926.25 * .02 = 18.5 ink cost per side which is also not correct. I am confused.


----------



## JYA (Jun 2, 2008)

You are correct with your math here.

Consequently, with a wide format printer, you're looking at ink AND paper costs of approximately 30 cents per square foot (144si in 1sf).

Therefore, 926.25si divided by 144 is 6.43sf x $0.30 = $1.929. Possibly cheaper once the RIP looks at your graphic and calculates the ink exactly.


----------



## jrenteria1234 (Jan 3, 2015)

How did you calculate the paper cost? 

Price $115 a roll of 275

around 3 feet per shirt sideways?

Thats =275/3 = 91.6 shirts can be printed

=115/91.6 = $1.25 for the paper

= Double sided image is $2.50 just on paper without ink?


----------



## JYA (Jun 2, 2008)

Cost I posted above is a one side approximate. My actual paper cost is 8 cents/sf on a nearly 500ft roll. 

Cost is figured out by taking length of roll in feet, multiplying that by 12 (inches), and then multiplying that by the width of the paper. Divide that number by 144 and that's the total square feet on the roll.

Take the cost of the roll, divided by the square footage of the roll, and there's the cost per square foot.

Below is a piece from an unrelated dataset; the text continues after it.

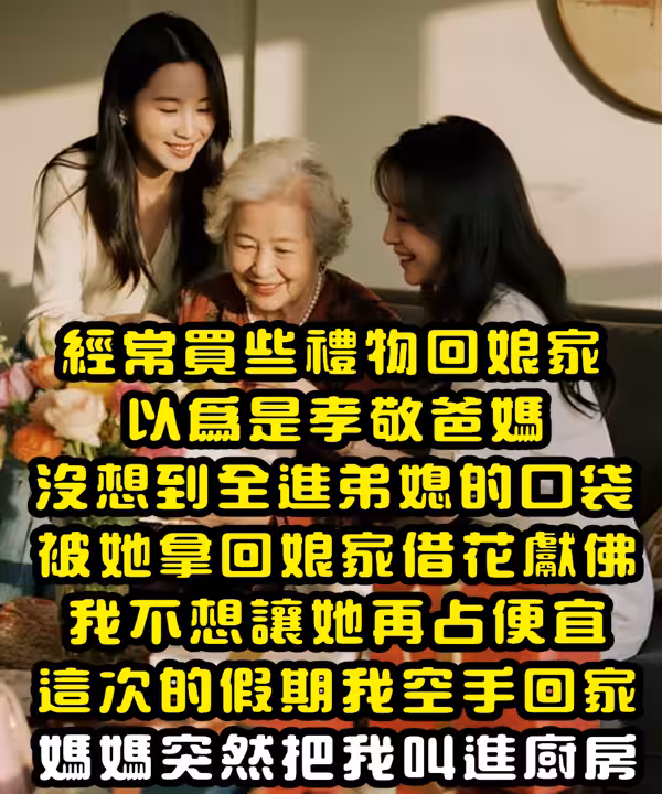 經常買禮物回娘家!以為是孝敬爸媽「沒想到全進弟媳的口袋」被她拿回娘家借花獻佛, 我不想讓她再占便宜,這次假期「我空手回家」媽媽突然把我叫進廚房…

We do cut and sew (no pre-sews here) and average $1.25-1.50 per side plus one sleeve, so say $3 all in on ink and paper.


----------



## jrenteria1234 (Jan 3, 2015)

Could you tell me which paper is that? and where do you buy it plus the ink that you use? and ML you buy? 

lol.. feels like an interrogation.. I am just so confused. I just heard back from sawgrass saying it was 3.5 per side but I want to understand the calculations to make sure..


----------



## JYA (Jun 2, 2008)

We use Beaver Tacky Paper rolls, both 44" and 60" x approximately 500ft.

Our ink is J-Teck (1L bottles) and we purchase our product from Kim and Matt at Advanced Color Solutions out of Riverside, California.


----------



## jrenteria1234 (Jan 3, 2015)

Thank you so much for your help. You really cleared everything up. I was going crazy.


----------



## JYA (Jun 2, 2008)

jrenteria1234 said:


> Thank you so much for your help. You really cleared everything up. I was going crazy.


It won't be the first time you go crazy in this business. TRUST ME!


----------



## jrenteria1234 (Jan 3, 2015)

haha I cant wait lol.


----------